Courts must learn the basics about domestic violence

Four decades after domestic violence first became a public issue, our courts still don’t understand the causes and effective responses to domestic violence. Attempting to resolve DV cases without fundamental DV knowledge is like sending children to unregulated daycare; we keep seeing avoidable tragedies in which children are abused, and some die.

No research was available when domestic violence (DV) first became a public issue. Courts developed their initial responses based on popular assumptions that DV was caused by substance abuse, mental illness, and the victims’ actions. This led courts to turn to mental health professionals for advice as if they were the experts on domestic violence. In fairness, this mistake was made in good faith but was never corrected after research demonstrated the initial assumptions were wrong.

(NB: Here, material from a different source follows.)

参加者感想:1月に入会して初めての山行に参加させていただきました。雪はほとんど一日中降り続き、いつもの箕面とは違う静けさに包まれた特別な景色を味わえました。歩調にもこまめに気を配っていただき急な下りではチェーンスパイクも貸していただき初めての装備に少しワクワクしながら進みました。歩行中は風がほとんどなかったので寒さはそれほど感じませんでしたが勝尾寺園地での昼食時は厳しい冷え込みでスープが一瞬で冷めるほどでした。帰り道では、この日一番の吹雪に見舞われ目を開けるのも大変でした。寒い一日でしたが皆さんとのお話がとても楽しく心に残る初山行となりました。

Myths about the cause of domestic violence are still prevalent.

The Women’s Christian Temperance Movement advocated for prohibition at least partly because they believed excessive drinking caused husbands to viciously assault their wives. There was a logical basis for this assumption. Many men came home drunk and assaulted their wives. Alcohol does reduce inhibitions, so an abusive man under the influence would assault his wife more severely than if he was sober Accordingly, his drunken assaults were much more memorable.

We have since learned that people do not engage in behavior they would not consider when sober, even if they are under the influence of drugs or alcohol. This is why non-abusive men do not assault their partners even if they had too much to drink. The men who assault their partners while under the influence engage in a pattern of coercive and controlling behavior while sober and believe they have a right to control their partners. In other words, substance abuse just makes their abuse worse.

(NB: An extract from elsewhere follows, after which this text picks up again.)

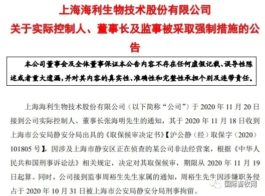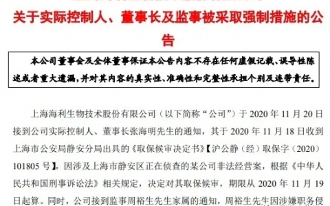 根据海利生物公告,公司在11月20日接到公司实际控制人、董事长张海明通知,其于2020年11月18日收到上海市公安局静安分局出具的《取保候审决定书》,因涉及上海市静安区正在侦查的某公司非法经营案,决定对其取保候审,期限从2020年11月19日起算。

Similarly, most mental illnesses do not cause men to abuse their partners but will make the assaults more severe. Many men with various mental health problems never abuse their partners. Mental illness is an excuse, but it is not the cause of domestic violence.

People with anger management problems cannot control their anger towards anyone. They are liable to mistreat their boss, a waitress, a bank teller, or a delivery person. Abusive men only assault and abuse their partners and sometimes their children. In other words, their abuse is based on their male entitlement and the belief they have the privilege to control their intimate partners.

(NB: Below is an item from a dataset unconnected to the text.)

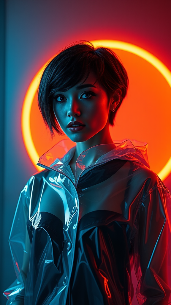 A dark-haired woman stands before a vivid orange glow, enveloped in a sleek transparent futuristic raincoat. Her short hair catches the volumetric lighting, creating a striking cinematic angle that highlights her features. The scene is imbued with a sense of glamour, with vibrant reflections dancing off the glossy material of her attire, adding an otherworldly allure to her presence.

I often illustrate the issue of anger management with an example of a man who is mistreated and disrespected by his boss. He doesn’t assault or verbally attack his boss because he knows there will be severe consequences. Still angry, he is stopped for speeding on his way home from work. He doesn’t think he deserves a ticket but again controls his anger because he knows what happens if he attacks the police officer. And then he goes home and assaults his partner.

The men in my batterer classes have suggested this is an unfair example because they have no emotional attachment to their boss or police officer. Imagine if they go from work to meet their partner at a party. When she does something he defines as improper, he doesn’t assault her at the party where there would be witnesses and consequences. Instead, he assaults her in the privacy of their home because he has good reason to believe there will be no consequences to him. In each case, the abuser was fully capable of controlling his anger if it was to his advantage.

The criminal justice system often uses leniency as a response to first-time offenders. This can work well in other types of crimes but is completely misdirected in DV cases. Domestic violence is the most underreported crime so the first time an abuser comes to the attention of the criminal justice system is unlikely to be the first time he committed a crime, much less engaged in other domestic violence tactics. This may be the court system’s only chance to change the dynamics.

Most abusers tell their victims that if they report their crimes, no one will believe them, or they have some way to avoid punishment. When the court system fails to take effective action, it confirms everything he said. She took a risk in reporting his crime and may be punished for doing so. The court’s failure to create meaningful consequences tells her they won’t help her. She will never make the mistake of seeking help again.

But the criminal justice system measures its “success” by repeat arrests. So the court believes they did the right thing while the victim suffers in silence, and he can tell custody courts and criminal courts he never abused anyone.

The only proven response to domestic violence

Literally, billions of dollars have been spent trying to prove batterer programs are effective in preventing domestic violence. The best result has been inconclusive. One of the problems with a lot of the research is that men are not randomly assigned to batterer programs. Factors like the defendant’s wealth, race, history of abuse, the severity of the crime, practices in the community, connections of his lawyer, and skill at manipulation influence which abusers are assigned to batterer programs.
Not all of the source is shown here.